Moravia's account of an unnatural death announcing itself in an artist's work long before that death occurs, reminded me strongly of Coil muscian Jhonn Balance and his death. Like Pasolini, Balance's lyrics give the impression that he foresaw the circumstances of his own death - enough to make one fleetingly believe superstitious, irrational things. The Treshold House website states correctly that "...much of the work of Coil, Jhonn's Life's Work in fact, described or addressed that Very Moment" (meaning the moment of his death). What makes this parallel all the more uncanny, is that Coil wrote a song about Pasolini's death, "Ostia (the death of Pasolini)". The song is part of Coil's seminal 1987 album Horse Rotorvator; the lyrics are reproduced below. In the song, Balance identifies with Pasolini; and Balance seems to forecast his own death once more when he sings "Throw his bones over / The White Cliffs / of Dover": he died at home after drunkenly losing his balance and tipping over the banisters, falling down as one might fall from cliffs.

Would anyone dare to write an essay on Balance, which describes him as "the 'organizer' of his own death, which, conceived as a form of expression, was indented to give meaning to his entire oeuvre" - that is, the same way Zigaina describes Pasolini?

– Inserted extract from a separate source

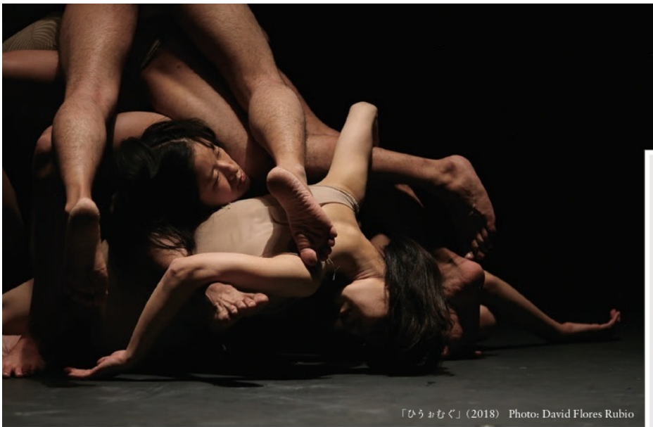
「ひろむむく」(2018)

Ostia (the death of Pasolini)

There's honey in the
hollows
And the countours
of the body
A sluggish
golden river
A sickly golden trickle
A golden, sticky trickle
You can hear
the bones humming
And the car
reverses over
The body in the basin
In the shallow
sea-plane basin.
And the car
reverses over
And his body rolls over
Crushed
from the shoulder
You can hear the
Bones humming
Singing like
a puncture
Killed to keep
the world turning
Throw his bones over
The White Cliffs
of Dover
Into the sea
The Sea of Rome
And the bloodstained
coast
Of Ostia
Leon like a lion
Sleeping in
the sunshine.
Lion lies down.
"Out of the strong
Came forth sweetness."
Throw his bones over
The White Cliffs
of Dover
And murder me
In Ostia.
The Sea of Rome.
You can hear his
bones humming.
Throw his bones over
The White Cliffs
of Dover
And into the sea
The Sea of Rome
Then murder me,
In Ostia.


Post scriptum

Here is a link to a Guardian review of the exhibition on Pasolini.

You can purchase Rich's article here.

Below you'll see Moravia's eulogy at Pasolini's funeral.

6 comments:

Anonymous said...

it's my favourite son by coil.

Philip Matthews said...

One might dare to describe Balance's death that way in time -- perhaps two decades away. Is that how long it might take for the death to pass into something "mythic"? I imagine that there are many who would upset by the suggestions of suicide in the Balance death -- Peter Christopherson has been adamant it was an accident -- but there is something not quite comforting but definitely preferable, at least to those who didn't know him, in the idea that there was some arrangement or plan to it, and the idea that the "Going Up" track on Ape of Naples, with its death references, somehow anticipated or described the death.